Audi is making it easier for its customers to personalize a new car without turning to aftermarket solutions. It expanded its color palette with two matte shades called Python Yellow and Dew Silver, respectively. Both are available on several variants of the TT and the Q3.

The move reflects a growing trend in the car and motorcycle worlds: enthusiasts are increasingly willing to pay to stand out. And, while making a yellow and a silver available might sound reasonably simple, the process of deciding which colors to offer is stunningly long. The members of Audi’s design department start by tracking various trends in key markets around the world. They then complete a feasibility study, create the color, and name it. Each color is tailored to a specific audience, hence why Python Yellow isn’t available on the A8.

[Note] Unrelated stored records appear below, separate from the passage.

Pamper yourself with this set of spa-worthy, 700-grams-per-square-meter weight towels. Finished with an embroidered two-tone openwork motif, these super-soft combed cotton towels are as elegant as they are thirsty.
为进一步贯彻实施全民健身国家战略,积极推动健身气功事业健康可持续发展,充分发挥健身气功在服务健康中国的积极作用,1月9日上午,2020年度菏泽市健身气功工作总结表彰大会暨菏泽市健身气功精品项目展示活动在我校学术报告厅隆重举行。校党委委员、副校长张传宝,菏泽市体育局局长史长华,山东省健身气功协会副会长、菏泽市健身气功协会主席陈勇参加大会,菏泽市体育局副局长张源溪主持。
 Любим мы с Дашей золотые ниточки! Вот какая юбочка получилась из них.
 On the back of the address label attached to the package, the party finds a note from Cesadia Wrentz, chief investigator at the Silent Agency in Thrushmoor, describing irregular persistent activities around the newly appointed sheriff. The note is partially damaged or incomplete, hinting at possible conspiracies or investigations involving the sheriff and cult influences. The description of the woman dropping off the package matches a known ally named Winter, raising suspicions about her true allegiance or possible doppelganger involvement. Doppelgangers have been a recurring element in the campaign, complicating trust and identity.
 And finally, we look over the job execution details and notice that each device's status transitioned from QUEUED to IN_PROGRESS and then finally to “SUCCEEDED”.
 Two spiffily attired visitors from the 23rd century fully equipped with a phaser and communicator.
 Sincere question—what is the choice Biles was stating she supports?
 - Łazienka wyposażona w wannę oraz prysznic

“The entire process of design, selection, technical implementation, and approval of the colors can take anywhere between three to five years,” Audi noted. Engineers need to ensure it stands the test of time (and the abuse of owners) from Moscow, Russia, to Moscow, Idaho.

Audi’s images show the new colors on the TT RS and on the RS Q3 Sportback (which isn’t sold in America), but the company stresses that even the standard TT, TTS, and Q3 can be ordered with matte paint. However, note that Python Yellow is TT-only, while Dew Silver is Q3-specific. Pricing information hasn’t been announced, and we don’t know if these colors will be available in our market yet; we’ve reached out to the company and we’ll update this story if we learn more. If they are, they’ll undoubtedly be found on the list of extra-cost options.

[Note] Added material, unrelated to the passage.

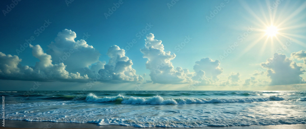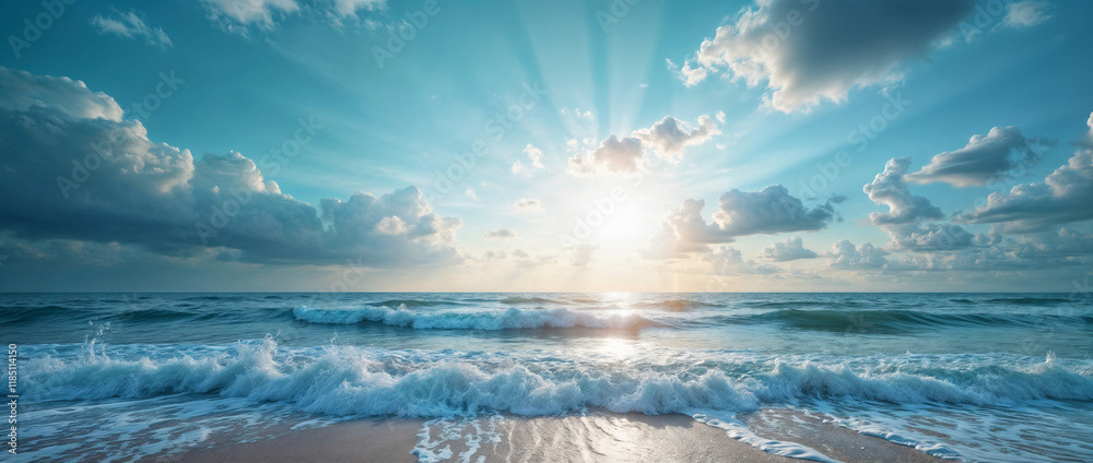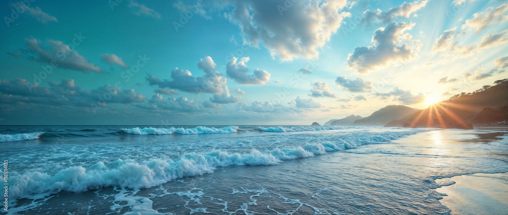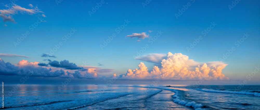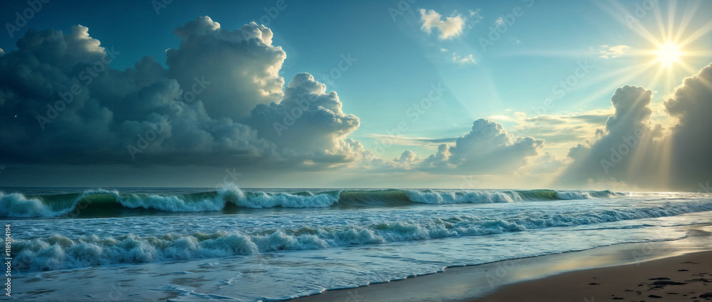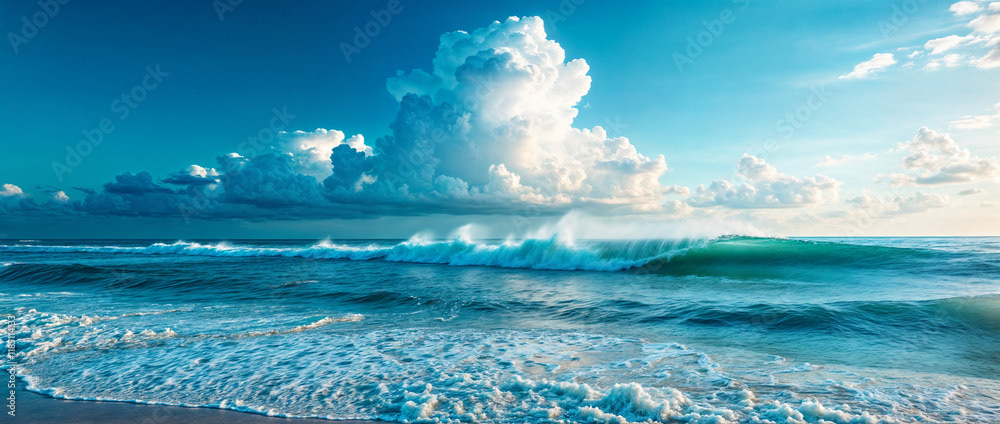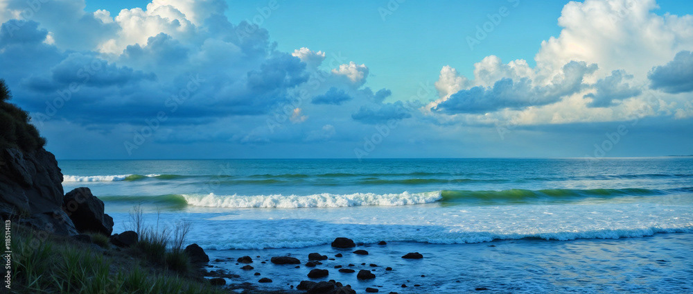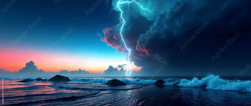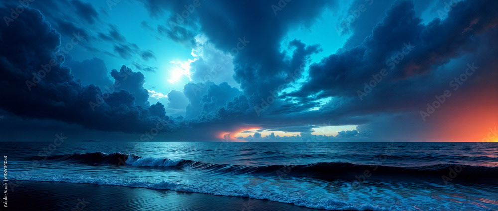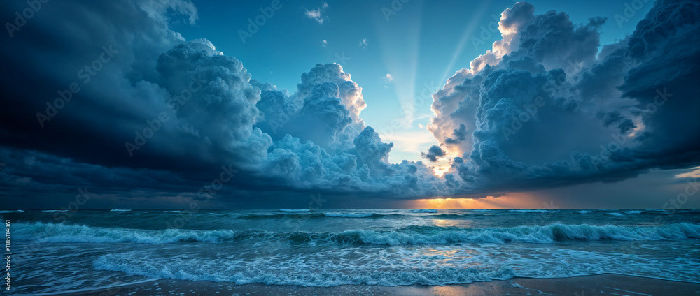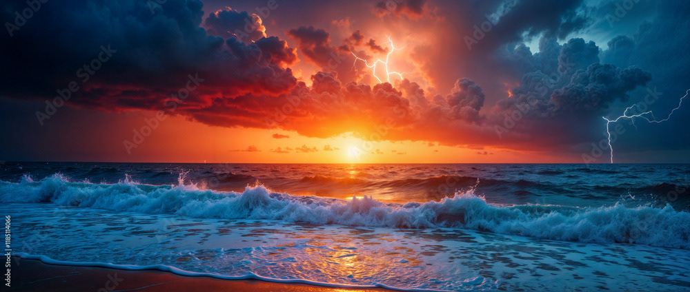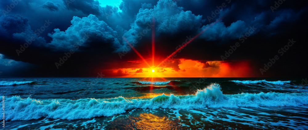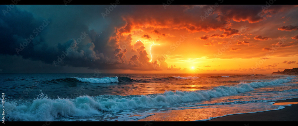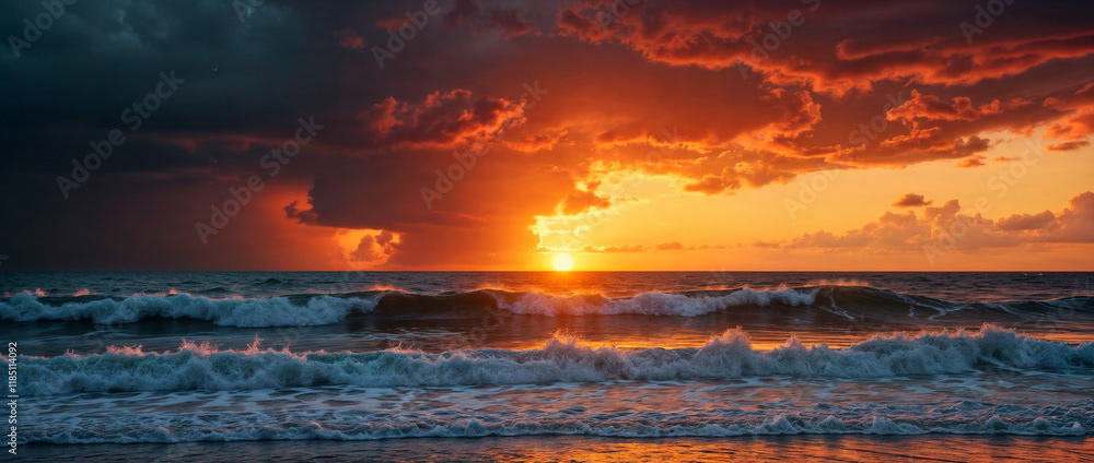 A stunning panoramic ocean view captured under a vibrant sunset, with dramatic storm clouds dominating the horizon and waves crashing against the shore.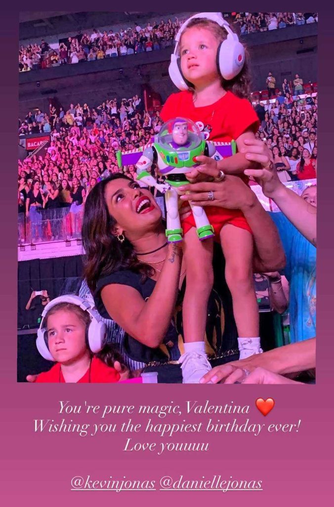 बता दें कि प्रियंका चोपड़ा (Priyanka Chopra) ने इंस्टाग्राम की स्टोरी पर वैलेंटिना के साथ एक प्यारी फोटो शेयर किया है, जिसमें वे वैलेंटिना को गोद में लिए हुए मुस्कुराती हुई नजर आ रही हैं. वैलेंटिना ने कान बंद करने वाले हेडफोन पहने हुए हैं और हाथ में बज लाइटईयर खिलौना पकड़ रखा है. यह फोटो जोनस ब्रदर्स के कॉन्सर्ट के दौरान की है. इसको शेयर करते हुए प्रियंका चोपड़ा (Priyanka Chopra) ने कैप्शन में लिखा, ‘तुम जादू हो वैलेंटिना. जन्मदिन मुबारक. मैं तुमसे प्यार करती हूं.’

Giving a car a matte finish is relatively complicated: it involves spraying primer, filler, and color layers followed by an ultra-thin layer of matte clearcoat. Several quality-related checks are performed before Audi sends the car to its new home. It’s a lengthy process, but giving a car a paint job that pops has never been easy. In the 1930s, car companies often mixed ground fish scales with paint to achieve a metallic finish.